Nigel: Welcome everyone to the first face to face meeting of
the AD CG.
... Run through of agenda

[14]Slides

[14] https://www.w3.org/community/audio-description/files/2018/10/AD-CG-F2F-2018-10-25.pdf

Nigel: In the room we have:
... Nigel Megitt (BBC)

marisa: Marisa Demeglio (DAISY consortium), in the Publishing
WG and interested in accessibility

ericc: Eric Carlson (Apple), on the Webkit team, mostly working
on media in the web, and
... of course very interested in accessibility solutions.

Andreas: Andreas Tai (IRT), mainly work on subtitles and
captions and also look at other
... accessibility. Unfortunately not yet resources for
dedicating time to this, but interested
... in the status.

onishi: Onishi (NHK), NHK use 4K and 8K broadcast service and
this uses TTML. I'd like
... to research use case for TTML.

Matt: Matt Simpson (Red Bee), Head of Portfolio for Access
Services, probably one of the
... biggest producers of audio description by volume for a
number of clients around the world.

Nigel: Thank you all

Current and future status

Nigel: AD CG set up earlier in the year, we have a repo, an
Editor, and participants.
... Goal: Get to good enough for Rec Track, add to TTWG Charter
1st half 2019

marisa: Timeline for TTML2?

Nigel: TTML2 is in Proposed Rec status, the TTWG is targeting
Rec publication on 13th November.
... The AC poll is open until 1st November.
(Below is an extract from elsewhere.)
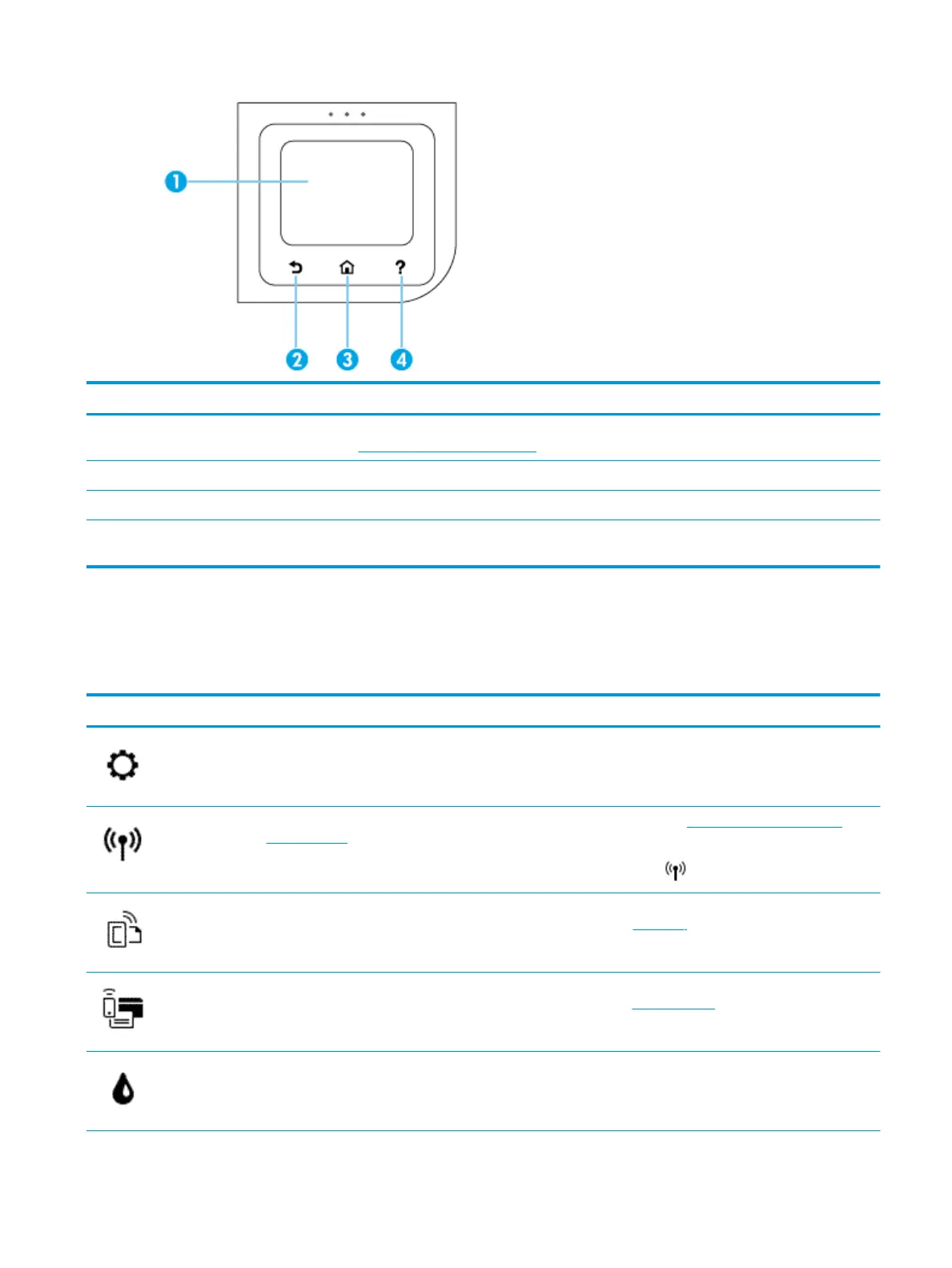 Wireless: Displays wireless status and menu options. For more information, see Set up the printer for wireless

Please vote if you
haven't already!

Requirements

Nigel: Goal: To create an open standard exchange format to
support audio description all the way from scripting to mixing.

ericc: You should look at what 3PlayMedia has.

Nigel: Thanks I will
... Are they delivering accessible text versions of AD?
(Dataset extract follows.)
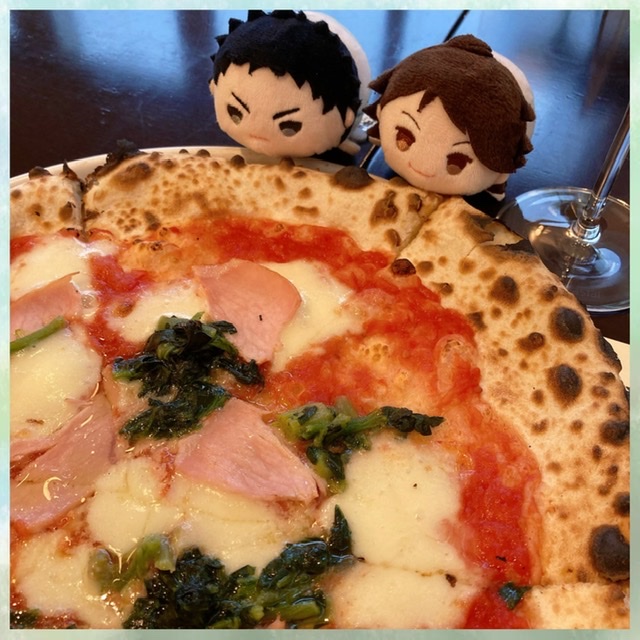 ピザは窯焼きピザなのであつあつ!トマトソースもたっぷりで美味しい

ericc: Yes, both AD and extended, both pre-recorded and
synthetic text, and they have
... a javascript based plug-in that works in modern browsers.

Nigel: That sounds great, I didn't know about that, thank you.

ericc: I haven't played with it much but it seems to work quite
well.

marisa: When you talk about an accessible text what makes it
accessible?

Nigel: It's delivered as text and the player can present it in
an aria live region so that
... accessibility tools can pick it up.

marisa: And TTML makes that happen?

Nigel: It needs the player to make it happen.
... Existing Requirements - I published a wiki page of
requirements a while back.

[15]AD requirements

[15] https://github.com/w3c/ttml2/wiki/Audio-Description-Requirements

Nigel: Those requirements got some feedback which led to
changes.
... In particular to relate them to the W3C MAUR requirements,
which they align with.

<marisa>
[16]https://github.com/w3c/ttml2/wiki/Audio-Description-Require

ments

[16] https://github.com/w3c/ttml2/wiki/Audio-Description-Requirements

Nigel: Those requirements describe the process that the
document needs to support
... but not the specifics of what the document itself needs to
support.
... I've done a first pass review, the main body of the spec
work would be to validate that
... those TTML2 feature designators are the correct set.

<ericc>
[17]https://www.w3.org/community/audio-description/files/2018/1

0/AD-CG-F2F-2018-10-25.pdf

[17] https://www.w3.org/community/audio-description/files/2018/10/AD-CG-F2F-2018-10-25.pdf

Nigel: In looking at those requirements I thought there were
some constraints to consider.
... Two questions from me:
... 1. Do we ever need to be able to have more than one
“description” active at the same time?

Matt: I can't see a reason for needing this - it would have to
be a variation of the primary language.
... Multiple localised versions might be needed.
... I imagine that would be a single track per file.
... Yes, interesting thought.

marisa: A variation on a use case, if you have a deaf-blind
user who is following the
... captions they also need the information from the
description and the captions.

markw: They would have both description and captions available
at the same time.

Nigel: Assumptions on my part:
... Separate AD and captions files
... No AD over dialogue so not a significant issue of overlap

marisa: If viewer needs to pause AD to read it on a braille
display...

Nigel: My assumption: that would also pause media.

ericc: [nods]

marisa: That's the trickiest use case I can think of

Nigel: Me too

atai: I'm not sure if immersive environments are in scope.
... A European project that IRT is involved with is exploring
requirements for AD in 360º videos.
... I'm not sure if they implemented it, but one idea is to
have some parts of the AD only
... activated if the user looks in a certain direction, so if
this is happening in one document
... then there would be certain AD parts with the same timing
but maybe not active at
... the same time.

marisa: Great use case!
... Now a deaf blind user in a 360º is now the trickiest use
case in the world I can think of!

ericc: That means in addition to a time range, in the case of a
360º video you may also
... want to have an additional selector for the viewport in
which it is active.

markw: Or the location of the object it is associated with.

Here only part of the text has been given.